The irony is that those stadiums weren't always so great — though it's also hard to argue that luxury should trump atmosphere.

When the Mets joined the National League in 1962, they played at the Polo Grounds, a rickety ballpark on its last legs. The original Polo Grounds opened for business in 1880 and the one the Mets used was its fourth incarnation, constructed in 1911.

A quirky, horseshoe-shaped place, it had acres of ground in center field but short foul lines to left and right field. That led to 257-foot pop fly home runs down the lines and 450-foot fly ball outs. The bullpens were in fair territory in deep left and right fields, with quaint roofs hanging over the benches. The clubhouses were even farther out.

The ballpark's most memorable moment was Bobby Thomson's pennant-winning home run in 1951 for the New York Giants. But the team couldn't even sell out the building for that season-defining game, an ominous indication of what was ahead — relocation to San Francisco.

Ambitious promoters tried to introduce a college bowl game to the building as it was nearing the end of its life span. Place-kicker Jim Turner played in the Gotham Bowl and recalled the experience ruefully. "There were more pigeons than people," Turner said. "It was a dump. It had seen its day."

The city's other now-departed team, the Brooklyn Dodgers, played at Ebbets Field.

It was a bandbox of a ballpark, so intimate fans felt they could shake hands with the players. The outfield fences carried advertisements, including a homespun one in right field that said: "Hit Sign, Win Suit." If the Dodgers right fielder protected the wall all season, sponsor Abe Stark, a clothier, doubled the payoff with two suits.

Opening in 1913, the Dodgers' home had a carnival atmosphere with superfan Hilda Chester clanging a cowbell and the Dodgers Sym-phony, a sort of pep band dressed as bums, serenading the fans. One time, an apparently enraged fan hopped on to the field and attacked an umpire. That distracted the crowd, allowing his pickpocket partner to operate uninhibited in the grandstand.

There was a rotunda at Ebbets that served as a meeting place for customers and it's no accident that Citi Field, with its replica twice the size of the original, looks so much like its ancestor. That's because Ebbets was where Brooklyn-born Mets owner Fred Wilpon grew up and when it came time to replace Shea, he built a reincarnation of the field of his boyhood dreams, a sort of Ebbets Field redux.

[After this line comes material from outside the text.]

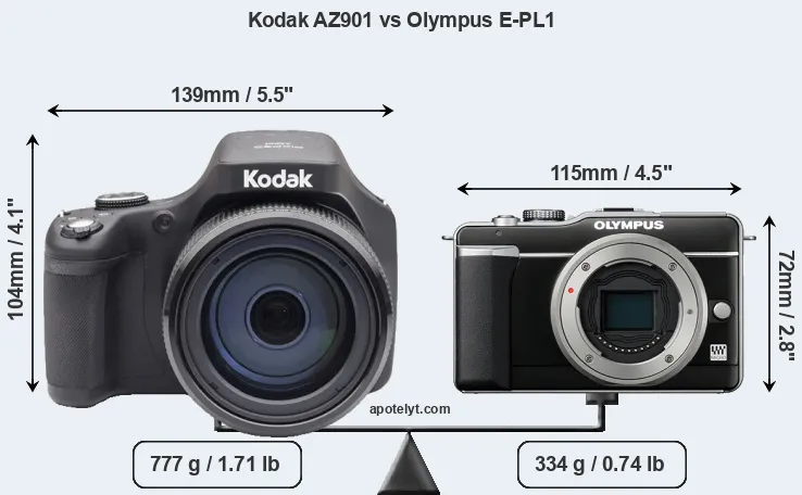 The physical size and weight of the Kodak AZ901 and the Olympus E-PL1 are illustrated in the side-by-side display below. The two cameras are presented according to their relative size. Three successive views from the front, the top, and the rear are shown. All width, height and depth measures are rounded to the nearest millimeter.
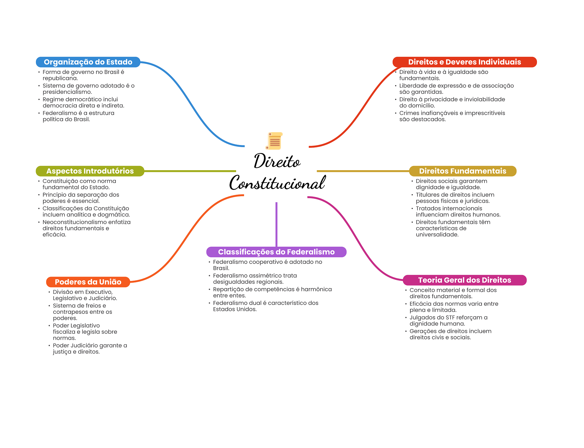 Organização do Estado Direitos e Deveres Individuais Forma de governo no Brasil é Direito à vida e à igualdade são republicana. fundamentais. Sistema de governo adotado é Liberdade de expressão e de associação presidencialismo. são garantidas. Regime democrático inclui Direito à privacidade e inviolabilidade democracia direta e indireta. do domicílio. Federalismo é a estrutura Crimes inafiançáveis e imprescritíveis política do Brasil. são destacados. Direito Aspectos Introdutórios Direitos Fundamentais Constituição como norma Constitucional Direitos sociais garantem fundamental do Estado. dignidade e igualdade. Princípio da separação dos Titulares de direitos incluem poderes é essencial. pessoas físicas e jurídicas. Classificações da Constituição Tratados internacionais incluem analítica e dogmática. influenciam direitos humanos. enfatiza Direitos fundamentais têm direitos fundamentais e características de eficácia. universalidade. Classificações do Federalismo Federalismo cooperativo é adotado no Brasil. Federalismo assimétrico trata Poderes da União desigualdades regionais. Teoria Geral dos Direitos Divisão em Executivo, Repartição de competências é harmônica Conceito material e formal dos entre entes. Legislativo e Judiciário. direitos fundamentais. Sistema de freios e Federalismo dual é característico dos Eficácia das normas varia entre Estados Unidos. contrapesos entre plena e limitada. poderes. Julgados do STF reforçam a Poder Legislativo dignidade humana. fiscaliza e legisla sobre Gerações de direitos incluem normas. direitos civis e sociais. Poder Judiciário garante a justiça e direitos.

Both ballparks are long gone now, replaced by housing projects. And what's left of Shea Stadium, the Mets' sterile home from 1964 through last season, has been reduced to a pile of rubble that is being removed and replaced by a parking lot next to Citi Field.

Up in the Bronx, the old stadium was meant to be intimidating but baseball was the focus.

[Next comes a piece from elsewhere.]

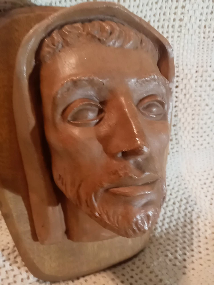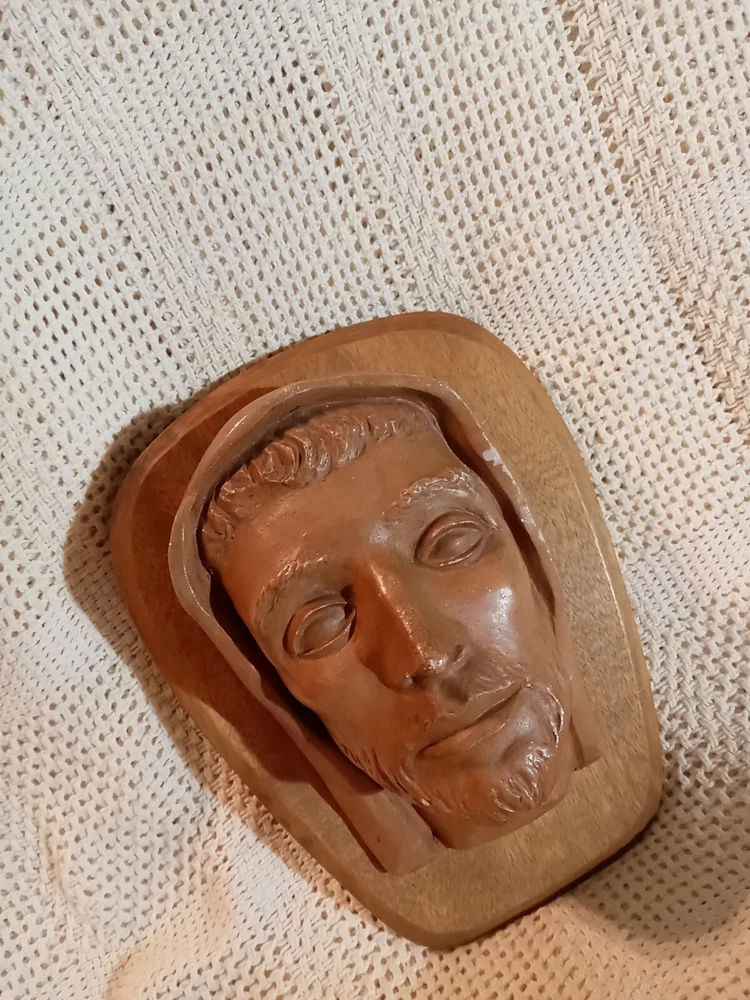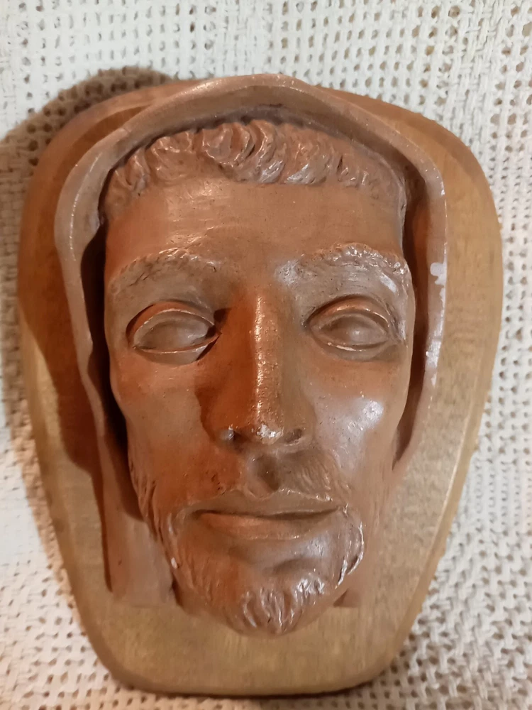 🤎🧡Marvelous, amazing unique sculpted Ceramic head face on a carved wooden base plaque of Saint Francis of Assisi. 😲🤗This exquisite wooden plaque features a stunning ceramic sculpture of St. Francis of Assisi in a beautiful all-over pattern. **It was made by Maranatha Liturgical Art Studios in United States in 1960s. ***Measuring 10 inches in length and 7.75 inches in width, this medium-sized plaque is perfect for wall mounting in any room of your home🏃🏻♂️🏃🏻♀️🏃🏻♂️. ***Crafted by the renowned liturgical Art studios, this unique and hand-crafted piece is made from high-quality wood and ceramic materials, and boasts a matte finish. 🎁Its vintage design and decorative style make it a perfect addition to any art-themed collection. Personalize this plaque to your liking, as it is perfect for both teens and adults alike. Just amazing🏃🏻♀️🏃🏻♂️ ***Great condition. Some edge wear. ➡️Please see the photos for details. **Missing the sticker on the back. Ask please through eBay AND Thanks for your interest

In the new one, the games are almost an afterthought in an ostentatious palace that includes more than a dozen restaurants, bars, lounges and cafes, segregated by seat price, plus specialty food courts. There's a Lobel's for high-end steaks, and a Peter Max art gallery, with originals for sale. It is a tribute to excess, a palatial baseball palace, heavy on panache.

The trademark lattice facade returns to the rooftop and Monument Park, which honors the heroes who turned the Yankees into one of the most successful franchises in all of sports, stands beyond the center-field fence. There's also a Yankee museum and, it seems, a place to buy team gear everywhere you turn.

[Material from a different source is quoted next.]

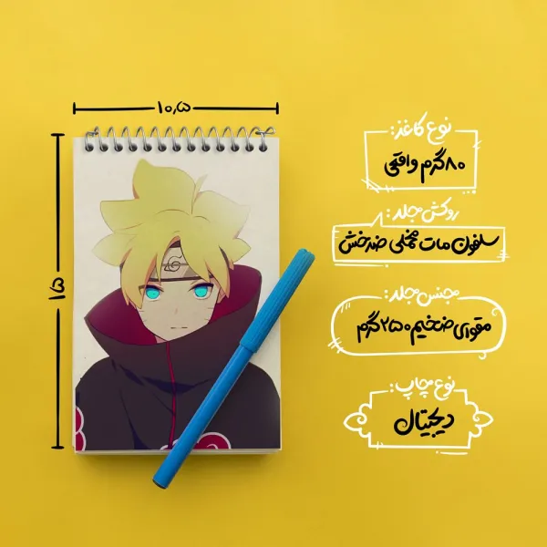 برند خندالو در زمینه تولید انواع دفاتر فانتزی و تحصیلی فعالیت میکند که به دلیل جذابیت ظاهری و طرح های متنوع طرفداران زیادی دارد. دفتر یادداشت خندالو طرح بوروتو اوزوماکی انیمه ناروتو Naruto محصولی مناسب برای همه عاشقان لوازم التحریر است و همچنین همه کسانی که بنا به موقعیت تحصیل یا شغلشان با دفتر و نوشت افزار زیاد سر و کار دارند. در تولید دفتر یادداشت خندالو طرح بوروتو اوزوماکی انیمه ناروتو Naruto از نوع صحافی فنر مارپیچ استفاده شده که در این نوع صحافی برگهها به راحتی چرخیده و یا بیرون آورده می شوند. دفتر های خندالو دارای جلد انعطاف پذیر از جنس مقوای گلاسه 250 گرم با روکش سلفون مات مخملی است که به شما امکان میدهد از دفتر خود بدون اینکه نگرانی از شکستن یا خراب شدن جلد را داشته باشید استفاده کنید و همچنین در این دفاتر از کاغذ 80 گرم با کیفیت استفاده شده که باعث میشود هنگام نوشتن به خوبی جوهر قلم بر روی صفحه نشسته و از خط خوردگیها جلوگیری کند. دفتر یادداشت خندالو با جنس و دوام مناسب، برگه های کاملاً سفید و خطوط طوسی دقیق را داراست که انسان را به نوشتن منظم و زیبا ترغیب میکند. طراحی کاملاً مناسب این دفاتر، به همراه کیفیت بالا، از آن یک محصول مورد علاقه و قابل اعتماد برای همه مقاطع تحصیلی میسازد. دفتر یادداشت خندالو طرح بوروتو اوزوماکی انیمه ناروتو Naruto انتخابی هوشمندانه و مناسب برای افرادی است که به دنبال دفتری با کیفیت و کاربرد عالی هستند. این دفتر، همراه خوبی برای شما در تمام مراحل تحصیل و کار خواهد بود و تجربهای لذتبخش از نوشتن و آموختن را به شما هدیه میدهد.

Much has been made about the obstructed views in the new stadium's $5 bleacher seats, which were blocked to accommodate a sports bar.

But the original stadium had its own obstructed views. Built with 1920s architecture, the place included pillars all around the park, leaving fans peeking around them for a glimpse at the action. And that included the premium seats located from baseline to baseline.

Somehow, though, fans in those days never minded playing peek-a-boo with the game on the field. No one ever thought of a Yankee Stadium without those poles dotting the landscape.

Then, when the ballpark was redone 35 years ago, the pillars somehow disappeared.

That was progress in the 1970s.

In the 21st century, progress is a sports bar behind tinted glass.